秋吉久美子さん×下重暁子さん 語り合う「歳を取る」と「今を生きる」 大変な時代を生きる若い人たちに伝えたいこと
今年、古希(70歳)を迎えた女優・秋吉久美子さんと、米寿(88歳)の作家・下重暁子さんが、母娘の関係を紐解きながら対談した『母を葬(おく)る』。 【写真】「老いを見つめられるような強さを持ちたい」という秋吉久美子さん 母の人生を振り返り、母と共に生きた時代を語り、母親の年齢に差し掛かった今だからこそわかったこと、これからを生きる人たちに贈りたい言葉とはーー。 時代を超え、新しい「女性の生き方」を切り開いてきたお二人が、年齢を重ねて見えてきたものを、あらためて語り合います。

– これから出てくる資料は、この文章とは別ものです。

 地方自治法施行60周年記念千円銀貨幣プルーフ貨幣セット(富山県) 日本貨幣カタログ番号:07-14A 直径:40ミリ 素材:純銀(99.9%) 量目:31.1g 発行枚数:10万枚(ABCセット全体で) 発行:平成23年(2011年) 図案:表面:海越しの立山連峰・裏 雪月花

前後編でお届けしています。本記事は後編です。前編も合わせてお読みください。 【前編】数十年経った今もなお「母を葬る」ことができない ■「30代や40代なんて、つぼみの段階よ」 秋吉 「今さら何を言ってるんだ」なんて思われてしまうかもしれませんが、70歳になって初めて“年齢の実感”が訪れたんですよね。母が亡くなったのは72歳のとき。今の私より2つ上なだけなんです。結構、自分の人生の中ではダイナミズムを感じるというか、未知の領域に入ったなって。

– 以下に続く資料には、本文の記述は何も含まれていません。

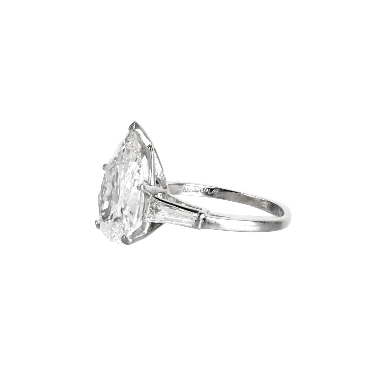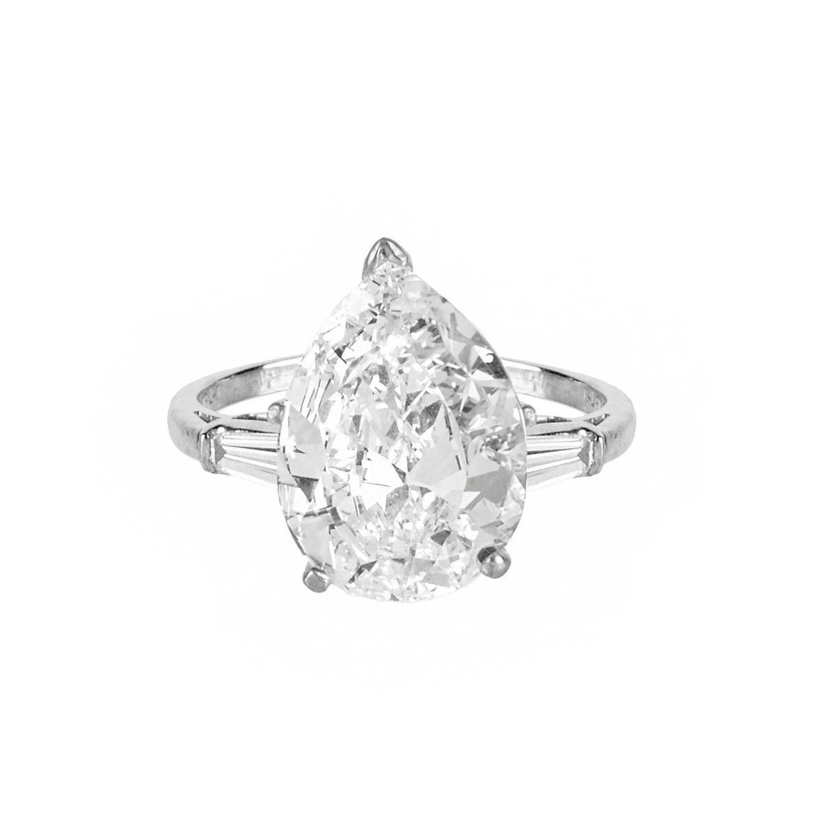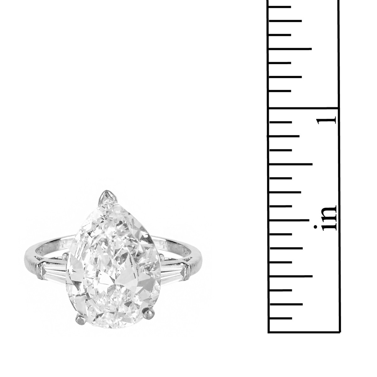 GIA Certified 5.93 Carat Pear Brilliant Cut Diamond and Platinum Engagement Ring. Accented with .80 carat TW two tapered baguette cut diamonds. Center diamond H color, VS2 clarity. Accent diamonds G-H color, VVS-VS clarity. Stamped Plat. Ring size 7-1/2. Approx. weight: 6.0 grams. GIA Report 2221938765 dated 5/15/2023 to accompany this Lot. Condition: Very good condition. Please refer to GIA report. For additional information and/or WhatsApp video please contact our resident GIA Graduate Gemologist, Russ Kodner at 954.650.5030 Estimate: $100,000.00 - $120,000.00 Domestic Shipping: $40.00

下重 秋吉さんより二回りほど長く生きていますが、私も年齢ってあまり考えたことがない。物理的に、今88歳っていうだけです。一生懸命生きているうちに、気づいたらこの年齢になっていた。 秋吉 日本の場合、「そろそろ結婚適齢期だね」「もう三十路だね」と年齢で区切られることがいまだに多い。やっぱり年齢文化みたいなところがありますよね。 下重 日本だけじゃないかしら、新聞や雑誌で人名が出てくるたび、カッコ内に年齢を書いてあるのは。こちらから「書かないでほしい」って言うとやめてくれるんだけど、やめてくれって言うとなんだか年齢を気にしているみたいに思われそうで。それも癪じゃない?
秋吉 芸能人の場合は、一種の物差しとして年齢と外見を見比べられている気がしますね。「この人、こんな歳だけど若いわねえ、それなら私も」とちょっと勇気をもらえたり、「若いと思ったら、いい歳ね。自分とそう変わらないわ」って身近に感じられたり。カッコづけの年齢は一種のスパイスなのかも。 下重 人間は60歳でひと巡り、還暦っていうでしょ。心機一転、私はそこから年齢を勘定しなおせばいいと思っているの。そうすると、私はまだ28歳。だから、これからやることはいっぱいあって、どうやって生きるかを考えるのに一生懸命。